Glawischnig-Klage mit weitreichenden Folgen für Facebook – Torspektakel bei Salzburg gegen Liverpool – Eklat auf Puls 4

Wir starten mit Ihnen live in den Nachrichtentag und geben Ihnen einen schnellen Überblick über die wichtigsten Themen des Morgens.

Das Wichtigste:

Glawischnig vs. Facebook: Die Online-Plattform Facebook kann nach einem Urteil des Europäischen Gerichtshofs gezwungen werden, Hasspostings und für rechtswidrig erklärte wort- und sinngleiche und Kommentare zu entfernen. Das EU-Recht verwehrt es auch nicht, dass eine solche Verfügung weltweit zur Wirkung gelange, entschieden die EU-Richter nach einer Klage der früheren Grünen-Bundessprecherin Eva Glawischnig. Mehr dazu

Neue Zölle: Die USA verhängen wegen rechtswidriger EU-Subventionen für den Flugzeugbauer Airbus Strafzölle in Milliardenhöhe auf Importe aus Europa. Bei der Einfuhr von Flugzeugen wird eine zusätzliche Abgabe von 10 Prozent erhoben werden, bei anderen Produkten wie Käse, Wein, Butter, Olivenöl und Kaffee wird es ein Strafzoll von 25 Prozent sein, wie der US-Handelsbeauftragte erklärte.

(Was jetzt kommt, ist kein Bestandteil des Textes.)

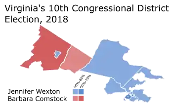 Virginia's 10th congressional district election was one of the highest-profile United States House of Representatives elections of 2018, and the most competitive and costly in Virginia,[1][2][3] as the Republican incumbent congresswoman Barbara Comstock lost to Democrat Jennifer Wexton.[4][5][6]

Die Zölle gelten ab 18. Oktober. Auch Österreich ist betroffen. Mehr dazu

Starker CL-Auftritt: Red Bull Salzburg hat gegen Titelverteidiger Liverpool in der Fußball-Champions-League nur knapp den Kürzeren gezogen. Österreichs Serienmeister musste sich im zweiten Spiel der Gruppe E an der Anfield Road nach einer starken Leistung mit 3:4 (1:3) geschlagen geben. Eine Aufholjagd der Truppe von Trainer Jesse Marsch von 0:3 auf 3:3 blieb am Ende unbelohnt. Mehr dazu

Krise bei den Blauen: Die Aufräumarbeiten beginnen, die FPÖ gibt sich Benimmregeln und stellt personell die Weichen. Antonia Löffler und Elisabeth Postl berichten. Mehr dazu [premium]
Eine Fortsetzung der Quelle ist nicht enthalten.